Hayley

The only woman I’ve ever really viscerally wanted to be is Hayley Williams. And that’s not a thing borne out of fandom, especially, though I have come to appreciate her work in recent years. It’s because part of me resonates so keenly with her, in a way I can’t really explain. Part of me believes I could have been her – should have been – if only, if only I hadn’t failed at being, in all the necessary ways.

When I was younger I was downright jealous of her, and I masked it with disdain. But I was the one who was scared to sing. I was the one who was scared to be in community. I was the failure, and I knew I had no right to criticise her, so the disdain ate at me, and wouldn’t let me forget it.

As I grew older and wiser, I let myself admit that I even enjoyed Paramore a bit. But they remained a ‘guilty’ pleasure. I didn’t want anyone to know I listened to them, and any time I did, which wasn’t often, I felt oddly on display. Who can hear this and what must they think!? As if anyone would think anything at all.

Her solo material was what let me reconcile my complicated feelings about her. We have some important similarities. We’ve had some importantly similar experiences in our lives. We have similar faultlines. We’ve learned similar lessons. But through that and despite it, she was able to continue becoming the success that she is and deserves to be. And I…well I never even seemed to begin. I had been holding that against myself, and she, most than most, reminded me.

What were the differences between us that led to our divergent paths through life, even as we traversed similar terrain? How was she able to build and maintain a fulfilling career, while every avenue I even thought of pursuing collapsed around me in short order? Why could she sing and I couldn’t? Why could she integrate and I couldn’t? We were both in pain, so my pain wasn’t the reason. How could she do it, and do it so well, and I couldn’t do it at all?

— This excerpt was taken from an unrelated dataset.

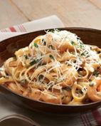 Fettuccine Alfredo con champiñones, queso parmesano y hojuelas de chile, mezclada con camarones salteados.

Well, there are very good explanations, of course. But that’s another tale.

Strange blessings

My neighbours are kind of shitty neighbours. They’re loud and dirty and often behave in ways I find inconsiderate. They’re low to medium grade annoying a lot of the time. When other people experience them they tend to comment things like they don’t know how I put up with it, it would drive them mad, they’d be raging at them after a few days. I, on the other hand, don’t really mind.

I like living in my flat. And yes, I even quite like living next to my shitty neighbours. Because underneath the crude, obnoxious, substance-loving exterior, they’re just…good enough people. They’re trying their best. They very truly mean no harm. They’re good enough.

At first, their shittiness itself was a relief to me, because I’ve spent so much of my life feeling like a burden, an inconvenience and a liability that I always enjoy being unequivocally not the worst. But then, as I learned to accept and appreciate them as people, they taught me to accept and appreciate parts of myself that I’d still up to that point been keeping estranged.

So I’m actually very grateful for my shitty neighbours, because their shittiness was exactly what I needed.